__Assigned task__.
For the data below, retype word for word the lines from the one containing "- Intro maker" through the one containing "for healthy eating"; drop the pictures.

__Provided entries__.
═══

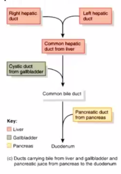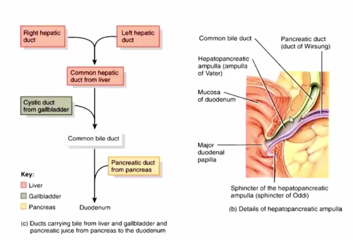 Describe the ducts going to the duodenum
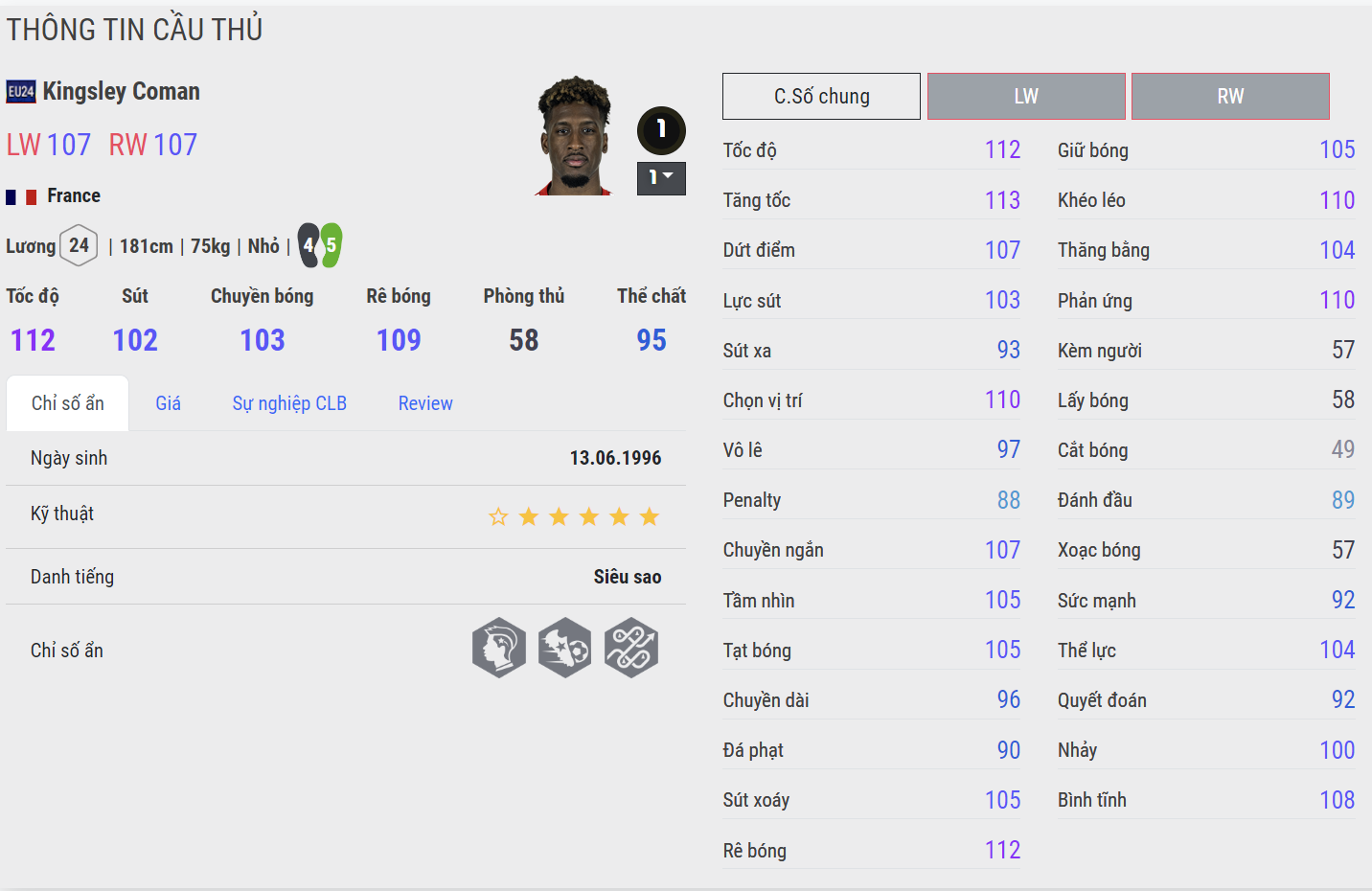 Coman được nâng cấp chân không thuận cùng bộ chỉ số cực kì phù hợp với nhu cầu chạy cánh ở meta hiện tại. Tiền đạo đội tuyển Pháp hiện đang được nhiều game thủ Hàn đánh giá cao về những nâng cấp về bộ kỹ năng, khả năng bứt tốc tốt và hiệu quả, kỹ năng chuyền bóng, tạt bóng được cải thiện.
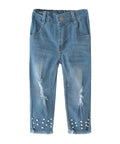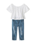 Off-Shoulder Eyelet Blouse and Denim Jeans Set
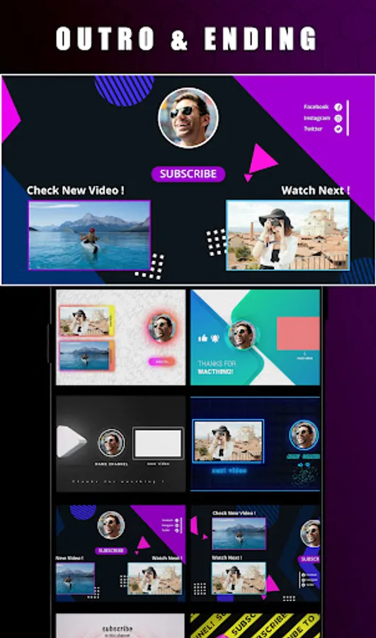 - Intro maker or Outro maker for both YT videos or YT shorts.
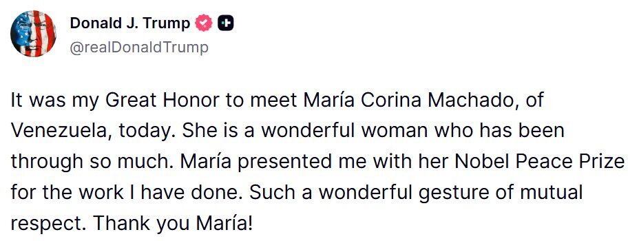 Machado es “una mujer extraordinaria que ha pasado por muchísimo”, reaccionó horas después Trump en su plataforma Truth Social.
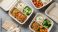 • Balanced meal prep containers showcasing grilled chicken, rice, vegetables, and wooden cutlery for healthy eating
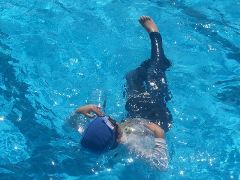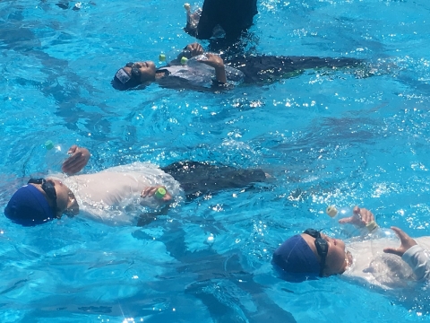 そして、本日は二宮先生が6年生へ着衣泳の授業を行ってくれました。二宮先生は、最初に「今日は命を守る授業です」という言葉からスタートしました。そして、服を着たまま水の中を歩く体験や泳ぐ体験を通して、水を含んだ衣服が体にまとわりついて、動きにくいことを6年生のみんなへ体感させてくれました。その後、川や海でおぼれた時、助けてもらえるまで浮いていることの大切さを教えていただき、ペットボトルを利用して浮き続ける練習をしました。最後に二宮先生の体験談を交え、自分の命を守るために大切なことを教えていただきました。
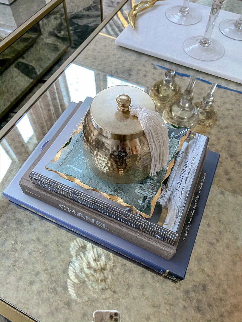 This beautiful square crystal tray is perfect for your coffee table or your island and has many different uses!
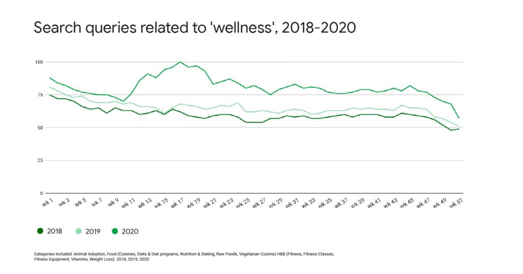 La începutul anului 2020, închiderea sălilor de sport comerciale a dus la o creștere masivă a căutărilor de echipamente de fitness pentru acasă. A existat o creștere de 71% a căutărilor de echipamente de fitness din 2019 până în 2020. În special, echipamentele cardio au înregistrat cea mai mare creștere, de 85% în 2020, în timp ce echipamentele de forță au avut o creștere mai modestă de 52%. Cu toate acestea, dacă ne uităm la situația actuală, echipamentele de forță au înregistrat cea mai mică scădere, de doar 4%, fiind încă mult peste cifrele dinainte de 2020 și foarte asemănătoare cu cele din pandemie. În contrast, echipamentele cardio au scăzut cu 34% de la vârful din 2020. Chiar și cu această scădere, tendințele de echipamente de fitness în 2023 sunt încă mai mari decât cele din 2019, cu o creștere de 33% a căutărilor.

═══

__Output of the task__.
 - Intro maker or Outro maker for both YT videos or YT shorts.
 Machado es “una mujer extraordinaria que ha pasado por muchísimo”, reaccionó horas después Trump en su plataforma Truth Social.
 • Balanced meal prep containers showcasing grilled chicken, rice, vegetables, and wooden cutlery for healthy eating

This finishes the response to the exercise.